The preceding scenario depends on the availability of memory. For serial queries, the temporary tables use PGA memory.

The implementation of cursor-duration temporary tables is similar to sorts. If no more memory is available, then the database writes data to temporary segments. For cursor-duration temporary tables, the differences are as follows:

  • The database releases memory and temporary segments at the end of the query rather than when the row source is no longer active.

  • Data in memory stays in memory, unlike in sorts where data can move between memory and temporary segments.

When the database uses cursor-duration temporary tables, the keyword CURSOR DURATION MEMORY appears in the execution plan.

Cursor-Duration Temporary Tables: Example

A WITH query that repeats the same subquery can sometimes benefit from a cursor-duration temporary table.

The following query uses a WITH clause to create three subquery blocks:

WITH 
  q1 AS (SELECT department_id, SUM(salary) sum_sal FROM hr.employees GROUP BY department_id),
  q2 AS (SELECT * FROM q1),
  q3 AS (SELECT department_id, sum_sal FROM q1)
SELECT * FROM q1
UNION ALL
SELECT * FROM q2
UNION ALL
SELECT * FROM q3;

The following sample plan shows the transformation:

SELECT * FROM TABLE(DBMS_XPLAN.DISPLAY_CURSOR(FORMAT=>'BASIC +ROWS +COST'));

PLAN_TABLE_OUTPUT
-------------------------------------------------------------------------------------------
| Id | Operation                                 | Name                 |Rows |Cost (%CPU)|
-------------------------------------------------------------------------------------------
|  0 | SELECT STATEMENT                          |                           |    |6 (100)|
|  1 |  TEMP TABLE TRANSFORMATION                |                           |    |       |
|  2 |   LOAD AS SELECT (CURSOR DURATION MEMORY) | SYS_TEMP_0FD9D6606_1AE004 |    |       |
|  3 |    HASH GROUP BY                          |                           | 11 | 3 (34)|
|  4 |     TABLE ACCESS FULL                     | EMPLOYEES                 |107 | 2 (0) |
|  5 |   UNION-ALL                               |                           |    |       |
|  6 |    VIEW                                   |                           | 11 | 2 (0) |
|  7 |     TABLE ACCESS FULL                     | SYS_TEMP_0FD9D6606_1AE004 | 11 | 2 (0) |
|  8 |    VIEW                                   |                           | 11 | 2 (0) |
|  9 |     TABLE ACCESS FULL                     | SYS_TEMP_0FD9D6606_1AE004 | 11 | 2 (0) |
| 10 |    VIEW                                   |                           | 11 | 2 (0) |
| 11 |     TABLE ACCESS FULL                     | SYS_TEMP_0FD9D6606_1AE004 | 11 | 2 (0) |
-------------------------------------------------------------------------------------------

In the preceding plan, TEMP TABLE TRANSFORMATION in Step 1 indicates that the database used cursor-duration temporary tables to execute the query.
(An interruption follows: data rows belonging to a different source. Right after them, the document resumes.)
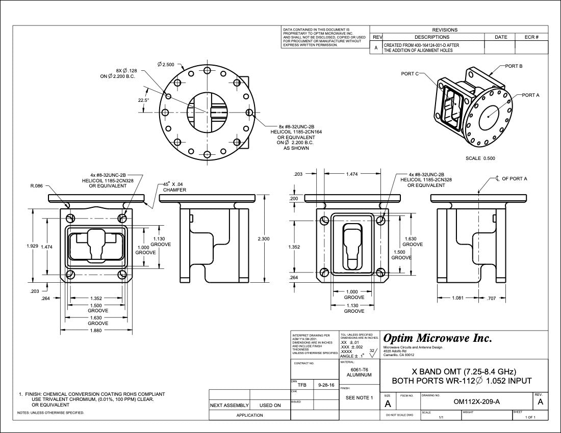 X-Band OMT Both Ports WR-112, 1.052" Input (7.25-8.40 GHz) Shortened Length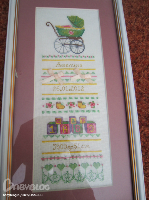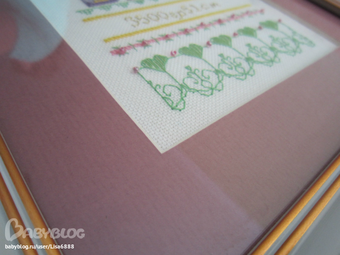 не знаю видно или нет, но натянуто не просто криво, а ужасно вкриво снизу((( просто дело в том что отдавала в багетку в тамбове я и заказывала рамку паспарту и так далее, а забирала моя сестра, потому что мы к этому времени уже уезжали, а она как говориться нибум бум в этом! я когда приехала и свими глазами увидела это чудо просто обалдела!!если бы сама забирала обязательно поругалась с ними, ну как так можно!! сантиметра полтора где то перекос снизу((( кстати говоря сестра разобрать и посмотреть а может и переделать(если эти деятели не приклеили вообще вышивку) сестра не дала, сказала что и так нравиться)))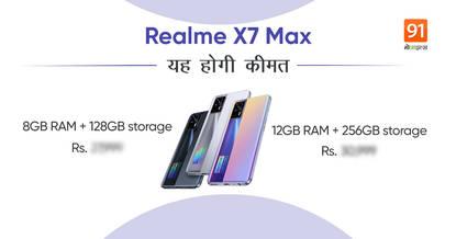 Realme X7 Max के बाजार में आने से पहले ही इस फोन की कीमत इंटरनेट पर लीक हो गई है। एमएसपी द्वारा प्रकाशित रिपोर्ट में दावा किया गया है कि रियलमी कंपनी अगले महीने यानी जून के शुरूआती दिनों में इस फोन को बाजार में उतार देगी। फोन की लॉन्च डेट तो पुख्ता नहीं हो पाई है लेकिन चर्चा है कि रियलमी एक्स7 मैक्स स्मार्टफोन के साथ कंपनी का 43-इंच 4K Smart TV भी मार्केट में एंट्री लेगा। वेबसाइट की रिपोर्ट में फोन की कीमत की जानकारी भी दी गई है।

The CURSOR DURATION MEMORY keyword in Step 2 indicates that the database used memory, if available, to store the results of SYS_TEMP_0FD9D6606_1AE004. If memory was unavailable, then the database wrote the temporary data to disk.

Table Expansion

In table expansion, the optimizer generates a plan that uses indexes on the read-mostly portion of a partitioned table, but not on the active portion of the table.

Purpose of Table Expansion

Index-based plans can improve performance, but index maintenance creates overhead. In many databases, DML affects only a small portion of the data.
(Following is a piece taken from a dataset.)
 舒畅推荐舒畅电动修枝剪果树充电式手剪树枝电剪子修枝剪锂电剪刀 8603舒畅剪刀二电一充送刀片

Table expansion uses index-based plans for high-update tables. You can create an index only on the read-mostly data, eliminating index overhead on the active data. In this way, table expansion improves performance while avoiding index maintenance.

How Table Expansion Works

Table partitioning makes table expansion possible.

If a local index exists on a partitioned table, then the optimizer can mark the index as unusable for specific partitions. In effect, some partitions are not indexed.

In table expansion, the optimizer transforms the query into a UNION ALL statement, with some subqueries accessing indexed partitions and other subqueries accessing unindexed partitions. The optimizer can choose the most efficient access method available for a partition, regardless of whether it exists for all of the partitions accessed in the query.

The optimizer does not always choose table expansion:

  • Table expansion is cost-based.

    While the database accesses each partition of the expanded table only once across all branches of the UNION ALL, any tables that the database joins to it are accessed in each branch.

  • Semantic issues may render expansion invalid.

    For example, a table appearing on the right side of an outer join is not valid for table expansion.

You can control table expansion with the hint EXPAND_TABLE hint. The hint overrides the cost-based decision, but not the semantic checks.

Table Expansion: Scenario

The optimizer keeps track of which partitions must be accessed from each table, based on predicates that appear in the query. Partition pruning enables the optimizer to use table expansion to generate more optimal plans.

Assumptions

This scenario assumes the following:

  • You want to run a star query against the sh.sales table, which is range-partitioned on the time_id column.

  • You want to disable indexes on specific partitions to see the benefits of table expansion.

To use table expansion:

  1. Log in to the database as the sh user.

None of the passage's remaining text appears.